Department of Wizarding And Non-Wizarding Rights

Ministry of Magic

London

RE: Rehab Officers

Dear Sir/Madam

Here follows my application for the job of 'rehabilitation officer'.

Form type 24: Ex-Auror Rehab Application

Name: Martina Figgot

Occupation: Retired Auror

Previous Experience with members of Dark Side: Voldemort Wars (both), Grindewald War (tail end)

Rehabilitation in which area, Muggle or House Elf? House Elf.

Reason for above choice: More general knowledge in the area, owned one as a child.

Why should you be selected for as rehabilitation officer?
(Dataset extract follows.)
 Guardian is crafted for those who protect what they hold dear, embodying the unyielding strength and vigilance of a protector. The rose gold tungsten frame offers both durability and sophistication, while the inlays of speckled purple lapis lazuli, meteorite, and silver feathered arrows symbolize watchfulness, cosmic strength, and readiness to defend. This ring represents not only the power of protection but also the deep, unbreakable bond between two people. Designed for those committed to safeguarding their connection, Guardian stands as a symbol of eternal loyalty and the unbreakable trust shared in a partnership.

I have years of experience in dealing with difficult types and hold a great deal of respect for those willing to attempt reformation. I am patient and personable but also capable of dealing well with stressful/potentially dangerous situations. My track record is excellent and I want as much as anyone to see the Wizarding World back on its feet again.
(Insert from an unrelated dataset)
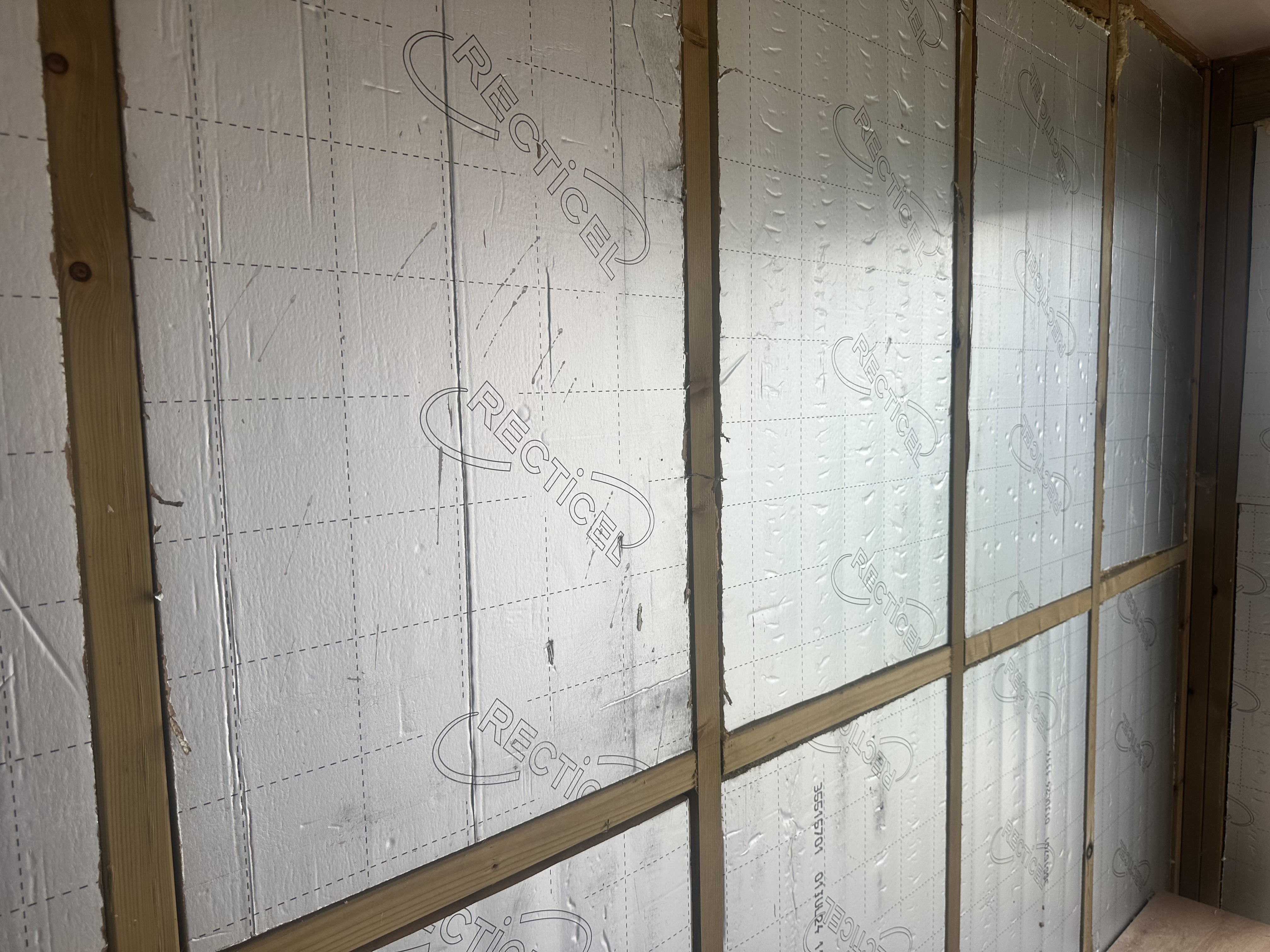 Fit a vapour barrier or damp-proof membrane inside the walls to prevent moisture issues.

In addition to my extensive fieldwork that you'll find listed in my attached Curriculum Vitae, I'd like to state that I had quite a prominent role in the Malfoy Estate case at the end of the war, so I am well versed in the finer political and financial sides of Voldemort's war.

Yours Truly

Martina Figgot

Hermione placed the tatty application form and its accompanying CV back on her desk. She then picked up Malfoy's form. Glancing from the two and then to the grey-haired interviewee in the seat front of her she felt the grin growing on her face.

The woman was absolutely perfect.

-

She's about five foot three, she wears floral print skirts and she smells of cats.

She's also edging on sixty with a sense of humour he can only label as vicious.

Draco is not impressed.

"You want me to do what?"

She smiles at him. It's all teeth. "You heard me. There's your parchment and ink, get cracking."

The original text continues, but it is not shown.